++++ Material provided
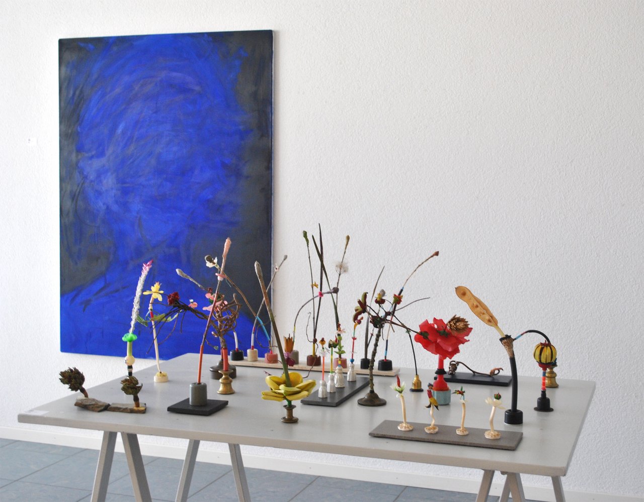 Malerei und Objekte verbinden sich zu kleinen ungewöhnlichen Geschichten.
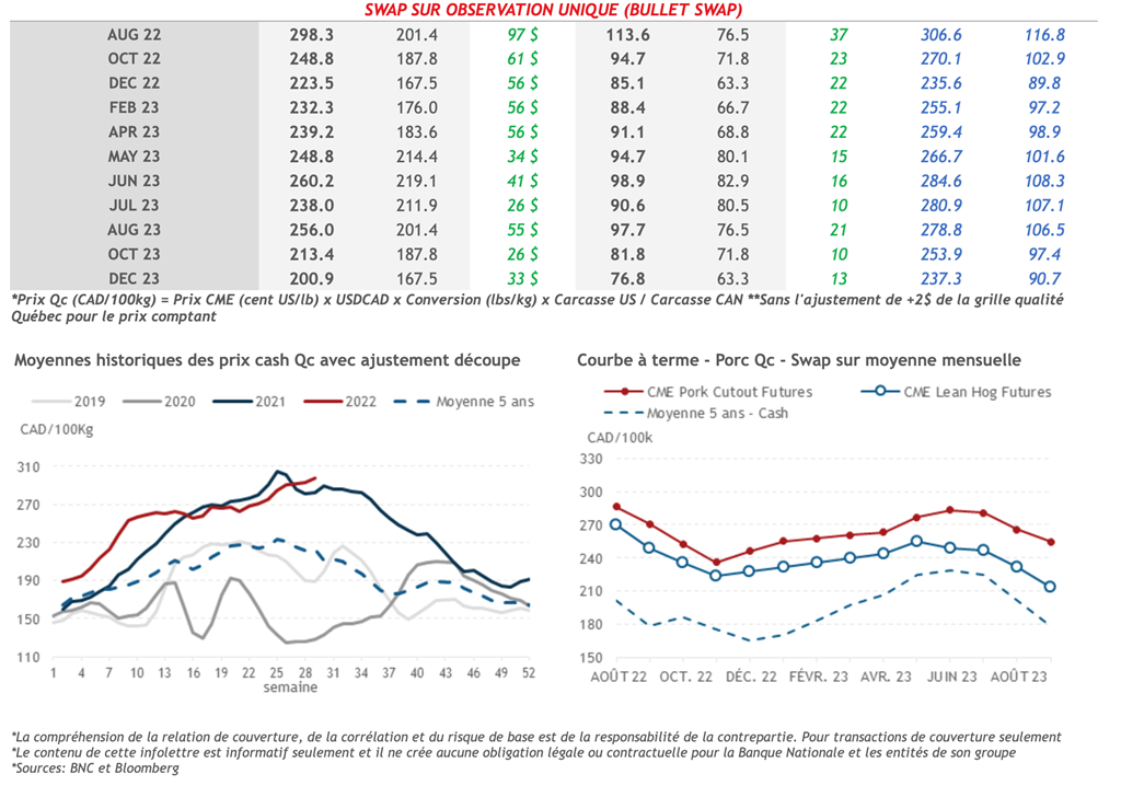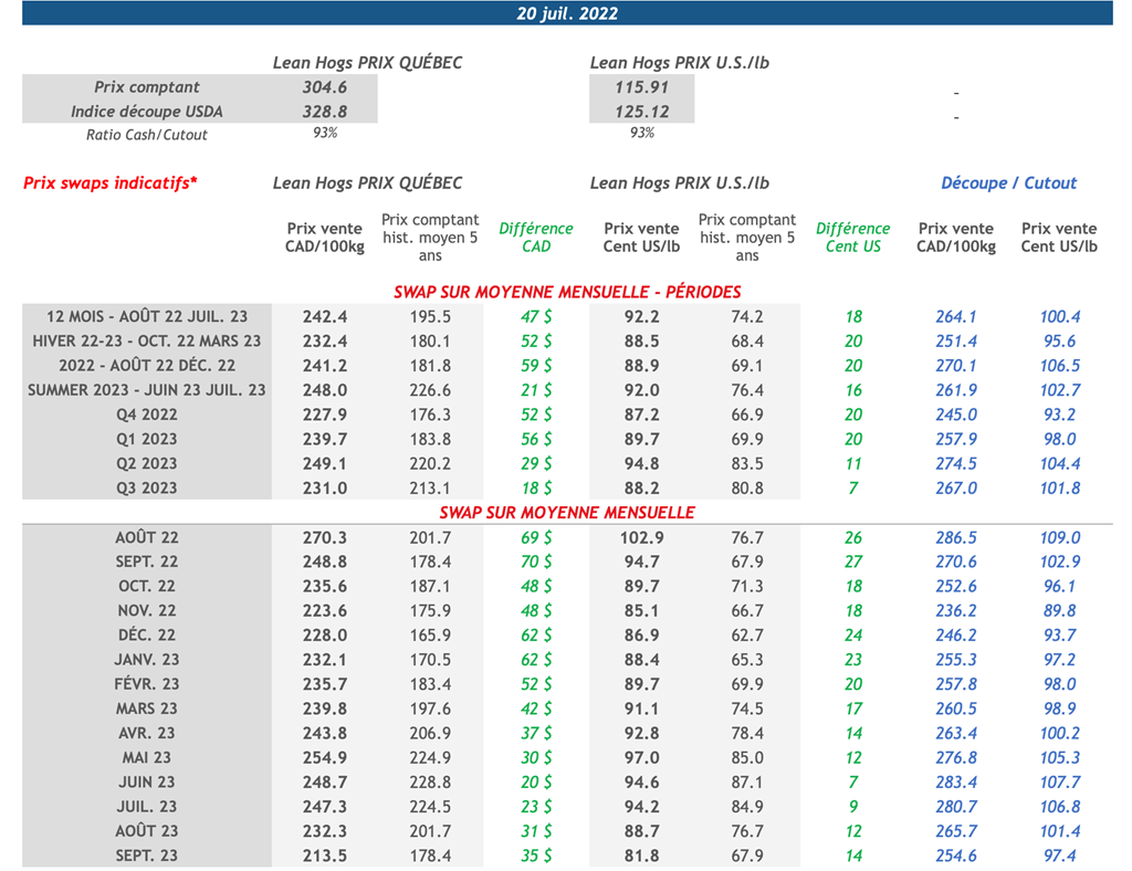 • Hier, le calendrier des contrats à terme a terminé la journée de manière mixte, les contrats les plus éloignés de l'échéance enregistrant les gains les plus importants. Le contrat d'août-22 a augmenté de 0,700 cents US/lb pour atteindre 112,825 cents US/lb ― le prix de clôture le plus élevé du contrat depuis la fin avril. Les contrats ont entre autres été soutenus par des signes indiquant que la demande pour la viande reste forte bien malgré les craintes de récession.
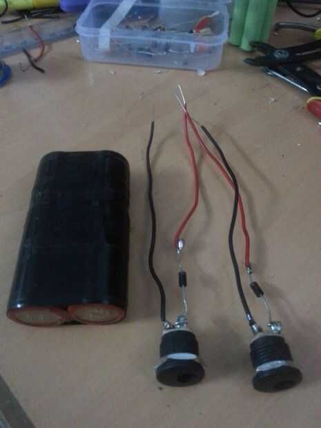 • Ahora, toma un pequeño perfboard y soldar los cables de positive(red) de las dos tomas hembra dc haciendo un carril positivo
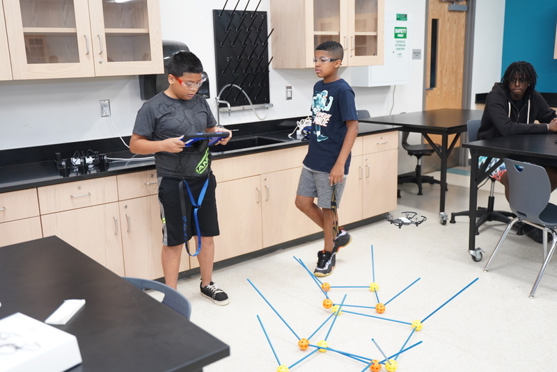 Camp attendees are learning how to code, work with drones, create artwork, and will get an introduction to music production, including making beats and mixes. They're also doing physical activities like yoga, dance, and obstacle courses in the gym.
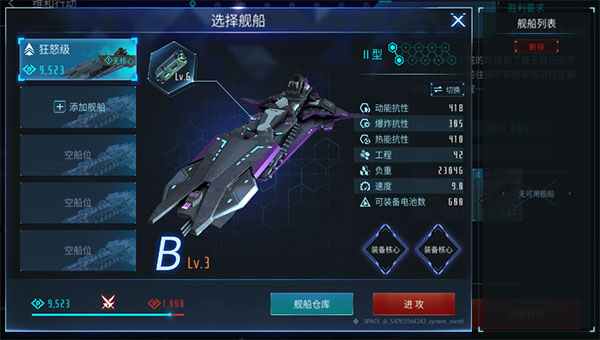 在圖示界面中可以添加艦船,裝備核心,點(diǎn)擊艦船倉(cāng)庫(kù)按鈕可以對(duì)艦船進(jìn)行其他操作(升級(jí)、換武器等等)
++++++++
* _What you have to do_
Return exactly the lines from the line with "un carril positivo" through the last line of the data above, both included; pictures do not go in the answer.

* _Solution_
 • Ahora, toma un pequeño perfboard y soldar los cables de positive(red) de las dos tomas hembra dc haciendo un carril positivo
 Camp attendees are learning how to code, work with drones, create artwork, and will get an introduction to music production, including making beats and mixes. They're also doing physical activities like yoga, dance, and obstacle courses in the gym.
 在圖示界面中可以添加艦船,裝備核心,點(diǎn)擊艦船倉(cāng)庫(kù)按鈕可以對(duì)艦船進(jìn)行其他操作(升級(jí)、換武器等等)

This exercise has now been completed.